___ DATA FOR THIS EXERCISE ___

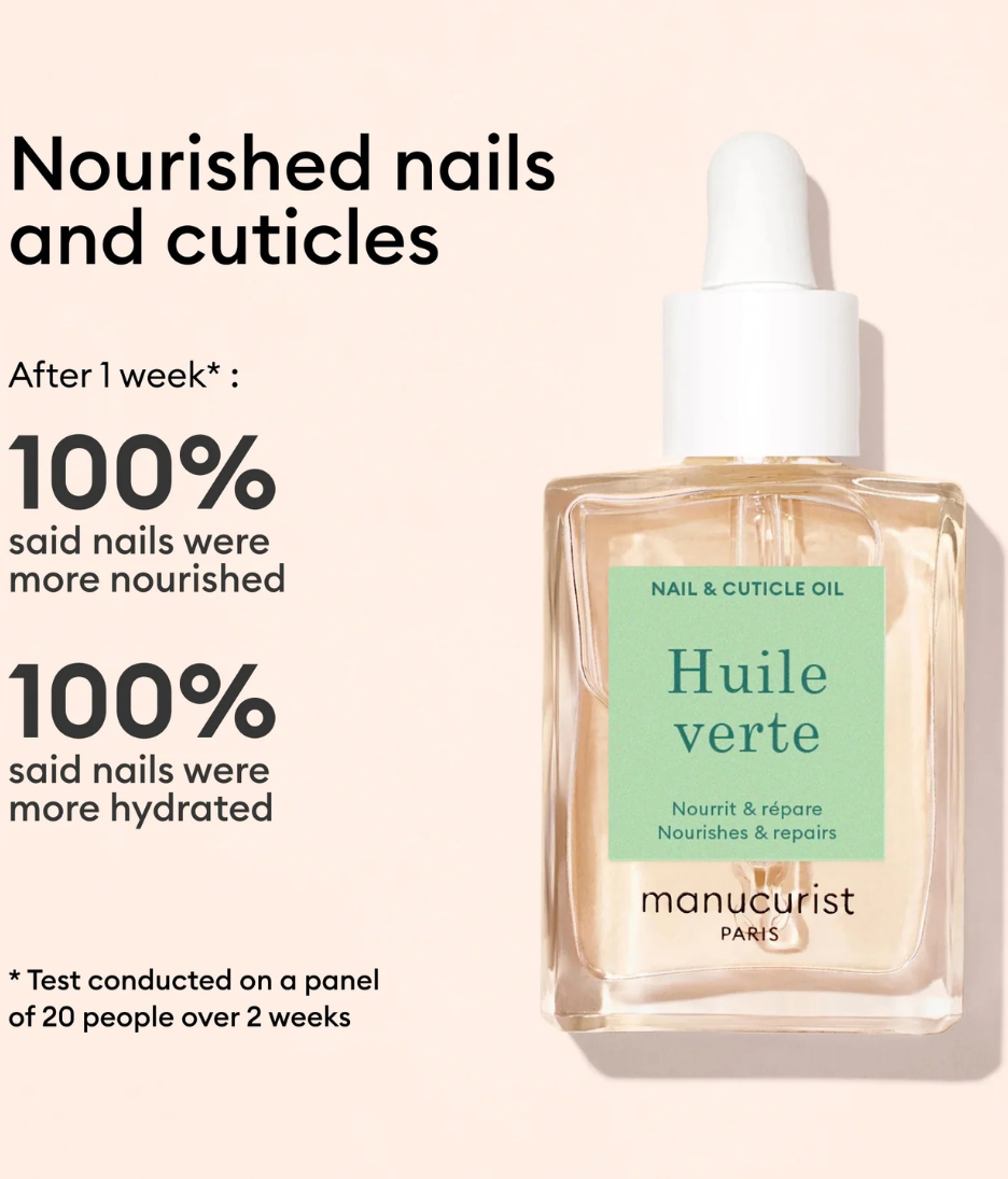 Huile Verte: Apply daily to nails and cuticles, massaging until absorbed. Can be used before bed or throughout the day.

___
___ DATA FOR THIS EXERCISE ___

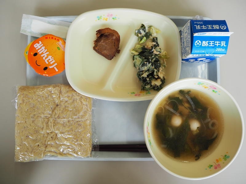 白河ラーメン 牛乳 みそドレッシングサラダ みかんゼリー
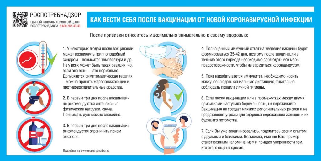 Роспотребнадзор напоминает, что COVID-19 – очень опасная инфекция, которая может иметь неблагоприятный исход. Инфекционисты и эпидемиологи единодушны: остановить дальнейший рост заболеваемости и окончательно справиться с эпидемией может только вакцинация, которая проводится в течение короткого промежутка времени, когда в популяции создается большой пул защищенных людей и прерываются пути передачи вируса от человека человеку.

___
___ DATA FOR THIS EXERCISE ___

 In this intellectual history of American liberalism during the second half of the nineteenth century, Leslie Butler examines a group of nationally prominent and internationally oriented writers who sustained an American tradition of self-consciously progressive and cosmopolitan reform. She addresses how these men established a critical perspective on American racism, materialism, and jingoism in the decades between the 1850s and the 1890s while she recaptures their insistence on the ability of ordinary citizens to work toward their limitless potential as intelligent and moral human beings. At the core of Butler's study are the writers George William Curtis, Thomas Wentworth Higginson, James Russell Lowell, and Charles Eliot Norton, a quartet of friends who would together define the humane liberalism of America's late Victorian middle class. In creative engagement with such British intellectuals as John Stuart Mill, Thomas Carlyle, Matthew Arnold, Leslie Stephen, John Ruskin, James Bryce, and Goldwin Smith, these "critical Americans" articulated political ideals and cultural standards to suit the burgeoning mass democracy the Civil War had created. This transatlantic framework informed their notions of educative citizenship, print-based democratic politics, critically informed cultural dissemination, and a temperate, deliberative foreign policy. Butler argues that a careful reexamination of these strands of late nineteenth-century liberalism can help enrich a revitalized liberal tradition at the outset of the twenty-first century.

___

**ABOUT THIS EXERCISE:**
Find where the line with "白河ラーメン 牛乳 みそドレッシングサラダ みかんゼリー" sits in the material above and where the line with "Роспотребнадзор напоминает, что" sits. Set down exactly the lines from the first to the second, both included and nothing else, without pictures.

**ANSWER:**
 白河ラーメン 牛乳 みそドレッシングサラダ みかんゼリー
 Роспотребнадзор напоминает, что COVID-19 – очень опасная инфекция, которая может иметь неблагоприятный исход. Инфекционисты и эпидемиологи единодушны: остановить дальнейший рост заболеваемости и окончательно справиться с эпидемией может только вакцинация, которая проводится в течение короткого промежутка времени, когда в популяции создается большой пул защищенных людей и прерываются пути передачи вируса от человека человеку.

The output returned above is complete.